My hobby buddy back in Canada came across the RCMP car about three times...and many more Rebel Chargers. (Sometime between 2003 and 2010 I would say). I had my chance at them but passed as it's hard buying rarities amongst friends - better to let him get top dollar from others. So, not totally rare in my books but "rare" compared to most other AFX cars out there. I think the blue/white stripe Cuda is more rare than the RCMP. Both are equally stunning in presentation though. Happy hunting!


----------



## super8man (Jan 29, 2013)

No sooner I comment on the Dukes car and one falls into my lap.

The good side...









The not so good side:









Make for a great driver/runner...I may cobble some repair job on there one day.

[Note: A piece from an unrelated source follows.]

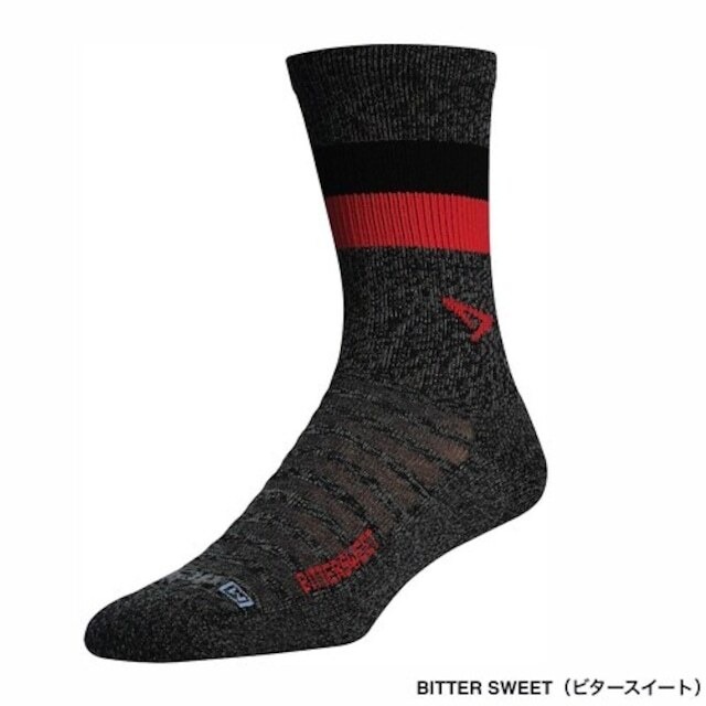 HISTORY トレイルを這いずり回って身体中ドロドロ。 しかし、それは自由への証だ! 身軽にウィルダネスを駆け抜け、 次の街を目指せ! ロング・ディスタンス・トレイルで汚れきったハイカー達はまるでゴミのよう。 そんな彼らはハイカートラッシュと呼ばれいる。 でも、それは決して蔑称などではない。 大自然を自由に闊歩する彼らへのリスペクトだ。 「ヘイ! ハイカートラッシュ! 調子はどうだい?」 FUNCTION HAVE A HOLE SUITABLE FOR KARABINER HIKER TRASHのソックスの履き口にはカラビナを通すためのホールが設けられている。これはロング・ディスタンス・ハイカーたちが濡れたソックスを乾かすためにナイフで穴をあけてテントやバックパックに吊るす様子から着想を得た。乾いたソックスはいつでもハイカーたちを幸せにする! ※商品にはカラビナは付属されません。商品写真の様にロープへ変更いたしました。 USE WASHABLE MERINO WOOL 洗濯機で洗えるウォッシャブルメリノウールを使用。メリノウールは保温性、吸放湿性に優れ、汗による冷えや外気から体を守ってくれる。また天然の抗菌作用により、匂いの元となる雑菌の繁殖を抑えてくれるので臭くなりにくい快適な素材だ。 EXTREMELY TOUGH 一日中歩き続けるロング・ディスタンス・ハイキングではソックスの耐久性が求められる。 メリノウールをベースにナイロンとポリエステルを一緒に編み立てることでソックスの耐久性を格段に高めた。 ソックスの耐久性をはかる摩耗試験においてNo. HT30001<HIKER TRASH ”HIKE&RUN”>の摩耗試験ではつま先・かかとで約6,500回、約足裏で6,000回という数値を記録している。 ※一般的にカジュアルソックスが約500回~1,000回、スポーツソックスで2,500回から3,000回が合格ラインとされている。 FIELD TEST 2017年にSKETCH(RYOSUKE KAWATO)がアメリカ3大トレイル最難のコンチネンタル・ディバイド・トレイル5,000kmをハイキングする際に、HIKER TRASHのプロトタイプをフィールドテストした。途中破損した箇所を日本にいるメンバーにフィードバックし、改良を加えたものをアメリカへ送った。この繰り返しによって誕生したHIKER TRASHシリーズはハイカーに必要なリアルなタフネスさを実現している。 Material : 80%Wool 9%Nylon 8%Polyester 3%Polyurethane Weight : Size S / 38g size M / 40g Size L / 44g

Give it the 70s primer repair look!


----------



## sethndaddy (Dec 4, 2004)

Time to do another book BoB, and while your at it, throw in a chapter for tomy/ new afx, tyco/mattel, and my favorite, resin cars

not to mention, action race shots, guys can look at them for hours


----------



## Joe65SkylarkGS (Feb 15, 2010)

super8man, I know Bill could fix that baby like new. It's what he does lol .
Glad I have a nice one in my collection as well as a slew of the latest ones that came out in the last few years .

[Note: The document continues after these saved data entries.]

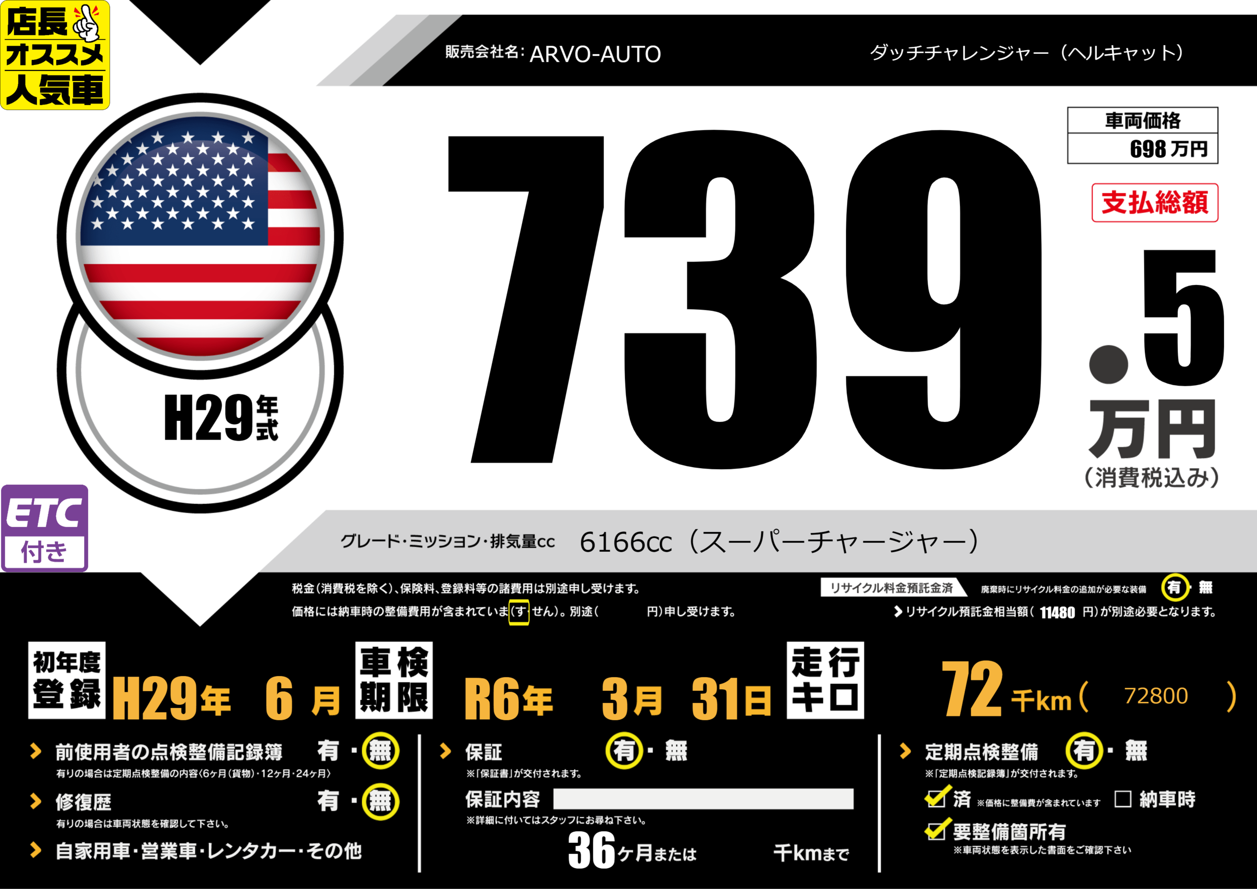 | 車名 | ダッチチャレンジャー(ヘルキャット) | グレード ミッション 排気量 |
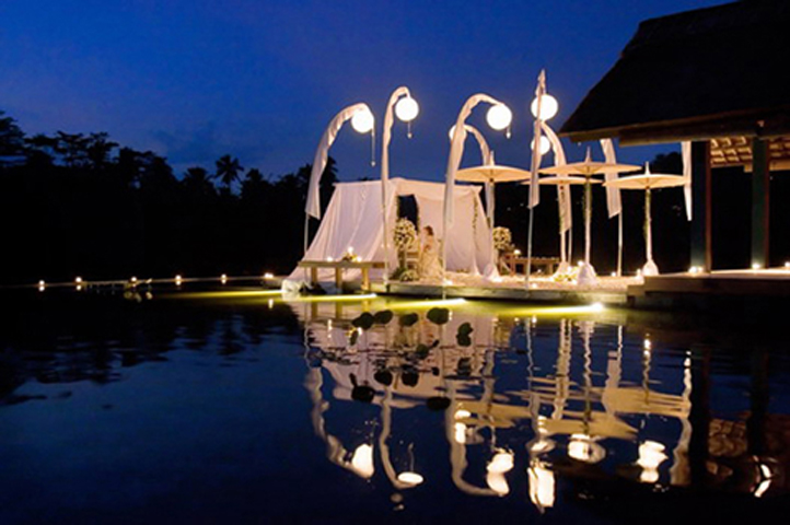 Exchange your vows in tropical resort in Four Seasons at Sayan Ubud. This intimate wedding package is created for 20 persons. The package includes two night stay for bridegroom, wedding decoration, dinner reception, and entertainment.
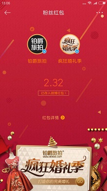 点击抢红包,按提示发一条包含“#疯狂婚礼季#”的微博,不是100%中奖率,只要中了都是0.5元以上!亲测中2.32元。
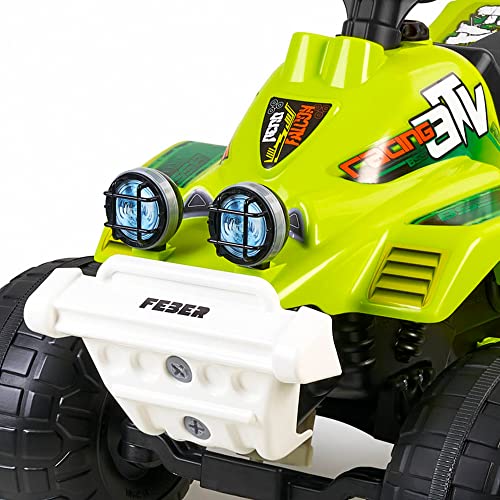 El Quad Falcon 6V de Feber es un quad eléctrico diseñado para niños de 3 a 7 años, con marcha hacia adelante y atrás, freno en el pie y ruedas robustas. Ofrece hasta 60 minutos de diversión a una velocidad máxima de 5,2 km/h.

Never had and prolly never will have the RCMP car .Way more than I would spend on a slot car!!!!

Unless my buddy Tom finds one in one of the many collections he aquires lol, then I'll get a good deal.


----------



## super8man (Jan 29, 2013)

Yeah, I agree (about the repair). Though I'll probably attack it like teenagers did in the 1980s to 60s muscle cars - with a dremel and bondo and make a mess of the whole thing! LOL. I have to find a donor car to lend a bit of front fender. And yeah, I only get high dollar cars if I can do it through trading, never cash. It's more fun that way.


----------



## Boosted-Z71 (Nov 26, 2007)

Here is a shot of the RCMP AL was talking about, He was gracious enough to furnish the bodies & I did the paint & stickers. He also told me after I sent his to him that I put the siren on wrong as evident in the pictures, I still laugh at that mistake. 

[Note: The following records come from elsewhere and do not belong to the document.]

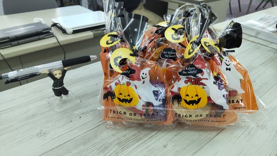 今日はハロウィンなので、登校してくれた生徒にお菓子をプレゼントしています!
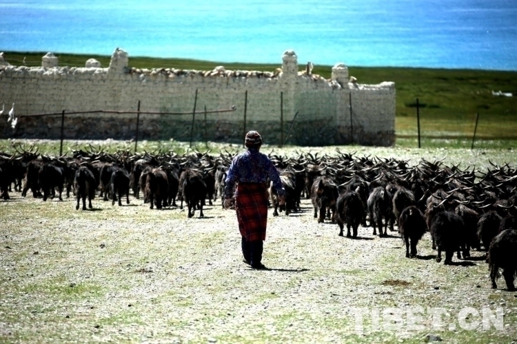資料圖:阿里地區(qū)措勤縣牧民驅(qū)趕著紫絨山羊群前往扎日南木錯(cuò)湖邊
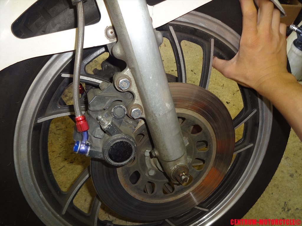 ブレーキキャリパーは左右共にブリーダーを接続して
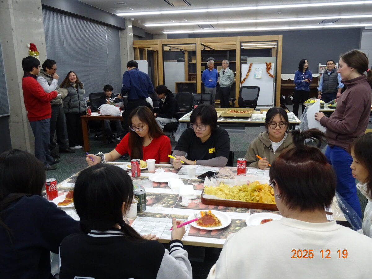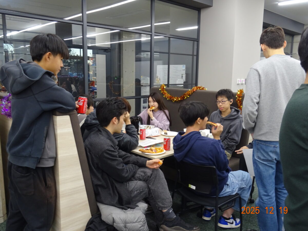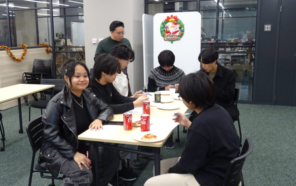 今年のホリデーパーティーは、12月19日(金)の授業終了後に開催され、クリスマスソングが流れる中、学生と教員はピザ、ポテトチップス、ソーダ、ケーキといったシンプルな料理を楽しみました。クリスマスは多くの文化で最も広く祝われる行事の一つであるため、部屋はクリスマスツリーや飾りで彩られ、華やかな雰囲気に包まれていました。
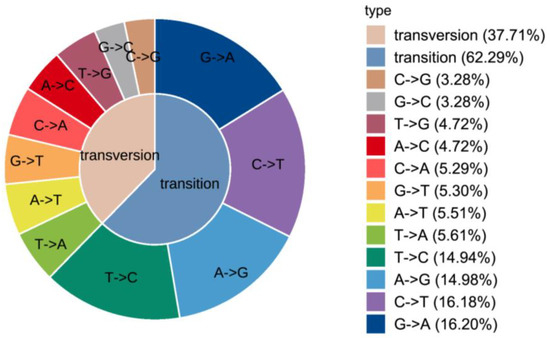 According to our previous study [23], the experimental results of transcriptome sequencing of mixed tissues of black porgy with different growth rates showed that 3104 genes were distinguished to be significantly differentially expressed (FDR < 0.05 and |log2FC| > 1), of which, 1129 were up-regulated and 1975 were down-regulated genes. Based on the DEGs in the transcriptome and the whole genome sequence of the black porgy as a reference, GATK software 4.0 was used to detect the mutation of SNPs and Indels. A total of 572,598 SNP sites were detected. Data with base quality values lower than Q30 were removed and 109,719 high-accuracy black porgy SNP sites were screened. Among them, transition type SNPs accounted for 62.29% of the total sites, including G→A, C→T, A→G and T→C; transversion type SNPs accounted for 37.71% of the total sites, including C→G, G→ C, T→G, A→C, C→A, G→T, A→T and T→A (Figure 1). Based on the following filtering conditions: (1) the quality of the mutated base Q ≥ 900, (2) the difference between the number of reference reads and the number of mutated reads is ten times or more, (3) the mutated base belongs to a sense mutation, a total of 61 SNPs were selected for genotyping in this experiment. The primer information is shown in Supplementary Table S1.
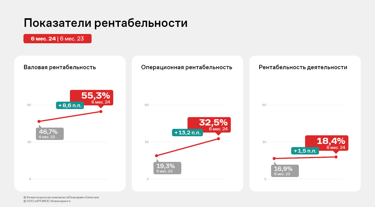 Все показатели рентабельности ООО «ХРОМОС Инжиниринг» продолжают оставаться на высоком уровне. Достичь этого удалось благодаря существенному расширению и диверсификации клиентского портфеля. Также благодаря наличию собственной производственной площадки и учебного центра, эмитент продолжает оптимизировать затраты.
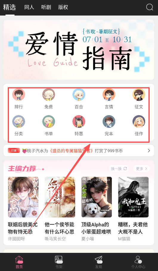 2、登录后你会看到精选页面,这里有很多分类比如同人、听剧、版权等,往下滑动能看到热门作品推荐和主播力荐书单。
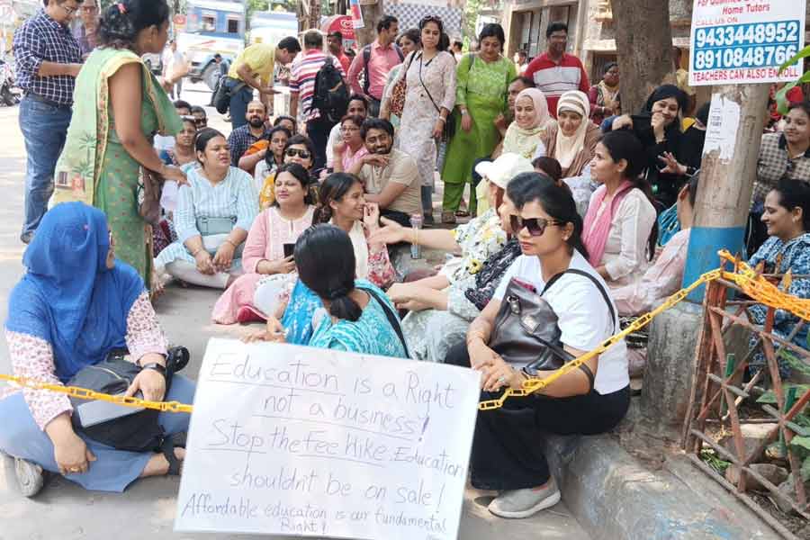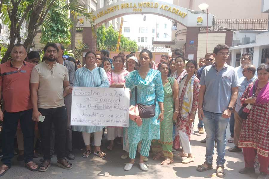 On Monday, a protesting parents’ body gathered at the Mahadevi Birla World Academy to demand affordable education. The guardians triggered an upheaval only after being informed of a 28-30 per cent hike in fees following the installation of airconditioners in classrooms.
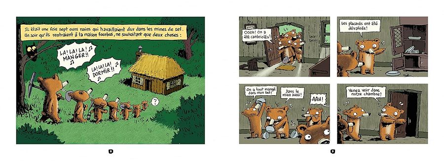 Si os gusta Shrek no podéis perderos Los maravillosos cuentos de los 7 osos (Hachette Cómic), de Émile Bravo (Spirou), una divertidísima vuelta de tuerca a los cuentos clásicos como Blancanieves, La Bella y la Bestia, La Cenicienta... que está protagonizada por siete osos enanitos que no son demasiado listos ni bondadosos, pero que son tremendamente divertidos, al igual que todas las parodias de los cuentos clásicos que veréis desfilar por sus alocadas aventuras.

While not an original, (I am with you guys on the cost of this car, out of my league) Still a great looking car even in clone status.

Boosted


----------



## vansmack2 (Feb 9, 2012)

I could use one of those clones.


----------



## super8man (Jan 29, 2013)

I like that clone!!!


----------



## swamibob (Jan 20, 2009)

That clone is Bitchin'!!!

Tom


----------



## alpink (Aug 22, 2010)

boosted, thank you ever so much for including me in your grand experiment.
I get frequent offers for that car and wouldn't think of selling it.

I want this to be a good example of folks working together towards a common cause and the rewards that are sometimes given for reaching out.

I have been the beneficiary of many of those posibilities and I am forever gratefull to those who thought of me in that way.

and, to set the record straight, ... boosted merely needed the "siren"(radar gun) to complete his replica and was ever so gracious to offer to do one for me.

the special builds that have come from members of various chat sites are my most cherished.


----------